By Kristine “Aster” Medina, Editor-in-Chief

As collegiate sisters start classes for fall semester, we also have alumnae who go back to school at the head of their classes to educate a group of individuals. For this Sister Spotlight series, we feature sisters who teach as a profession.

In part 2 of the teacher appreciation series, we feature Unique “Heroic” Stanley, a University of North Carolina at Charlotte alumna. She currently lives and teaches English at a private school in South Korea.



Unique “Heroic” Stanley

What do you teach?

I actually teach English to Korean students here in South Korea. However, it is not the typical English lesson that you would expect. I teach various skills that students can use in order to help them take their English tests. We go over reading skills (how to find the main idea, the topic, definitions of words, pronouns, and so forth), listening skills (how to listen for the topic, the key details, how to take notes, how to answer inference, prediction, and purpose questions), and speaking/writing skills (how to come up with and tell a story based on images, express opinions on topics, or explain a specific topic, and even how to write professional emails). It’s a lot, and I teach three hour classes to a range of students.

What does a typical day look like during the school year?

I work at a private English academy (a Hagwon), and I begin work Mondays, Wednesdays, and Fridays at 3 p.m.. Each hour, I teach the equivalent of pre-K and kindergarten students. Four classes. One hour each. I come in about two hours early since the lessons can only be prepared through the school’s network. For certain classes (because I teach different lessons), I prepare a reading lesson, where we critically think about what we have read, and in the last 20 minutes, we practice skills for acting out scripts (because Friday is recording day). For other classes, I go over speaking and writing. We analyze pictures, predict what the dialogue is about, and then, we find answers. We then create our own scripts and perform them. In one class, we draw connections between pictures, talk phonetics, and play games related to the lesson.
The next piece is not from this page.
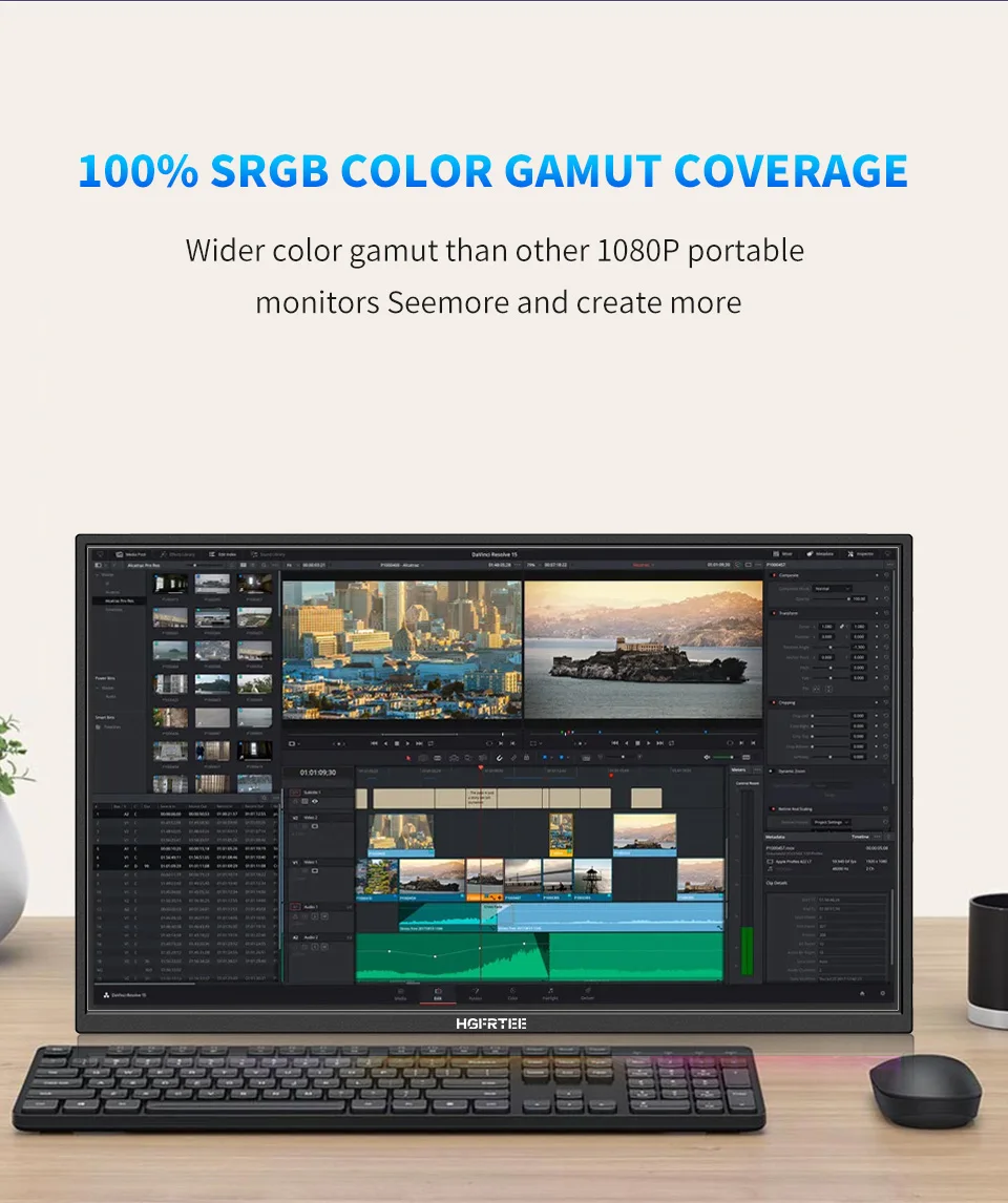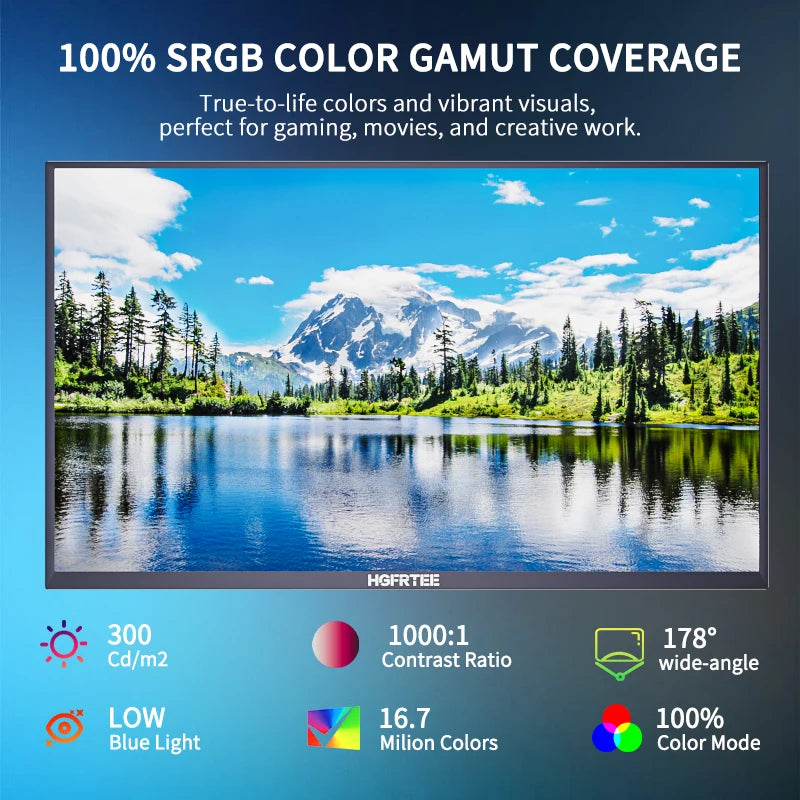 HGFRTEE 18.5Inch Portable Monitor 100% sRGB 100Hz Extended Display for Laptop PC PS5 Switch iPhone with VESA Hole & Back Bracket

On Tuesdays and Thursdays, I teach two, three-hour classes per day. One class is elementary (4 p.m. to 7 p.m.), and the next is middle school (7 p.m. to 10 p.m.). I am lucky this term because the classes and the lessons are on the same level. Once I prepare for the elementary class, I am well-prepped for the middle school class. Tuesday is C1 day. We go over reading, writing, and listening/speaking skills. C2 days (on odd weeks) are discussion based, where we talk about varying topics. So far, we’ve talked about “tiger moms,” and the students know all about them. On even weeks (on C2 day), we work on projects based upon the previous C2 lesson (next week, it will be a group project about “tiger moms” and comparing them to another type of parenting style).

It can all be fairly confusing, but once we get the hang of it, the lessons run smoothly.

Tell us a memorable story about working with your students.

There are quite a few, but one of my favorites occurred in my middle school class last term. We were about to end the second hour and slowly transition into the third hour (for projects). Somehow, I went on a minor spazzing/rant about Steven Yeun (from The Walking Dead) about how he is so handsome and amazing! I guess I must have spazzed about him too much because my students, a group of girls for their project, made a comic strip about me fawning over Steven Yeun.

In one scene, someone drew me at the front saying, “So, the lesson today is about the most handsome man ever, Steven YOON.” They spelled his last name wrong. The second picture had their reactions (“Nooo, teacher…”), the third picture, which let me know they had been listening to me, showed me pointing to the board and various points about why Steven Yeun was the best. The last picture had me asking them if he was handsome. They wrote out, “Okay, okay! He is handsome, Teacher!” It was so awesome!

What advice would you give sisters going into education?

I would say do it because you love it! Teaching is not easy. I have yet to see how teaching in America is, but I am sure it is no different. Some children may not be as motivated to be there, and you have to be prepared for it. They will mimic your energy. If you are positive and vibrant, they have no other choice but to be. Even if the lesson you are teaching is BLAH, you can make it the most interesting topic ever. Your students will pay attention. Just remain positive, and be prepared for anything to happen in the classroom.

I love teaching here in South Korea, but, of course, my passion is to come back home and be able to teach for low-income communities. I definitely have a passion for helping others and hope that I can eventually change the world one student and one classroom at a time!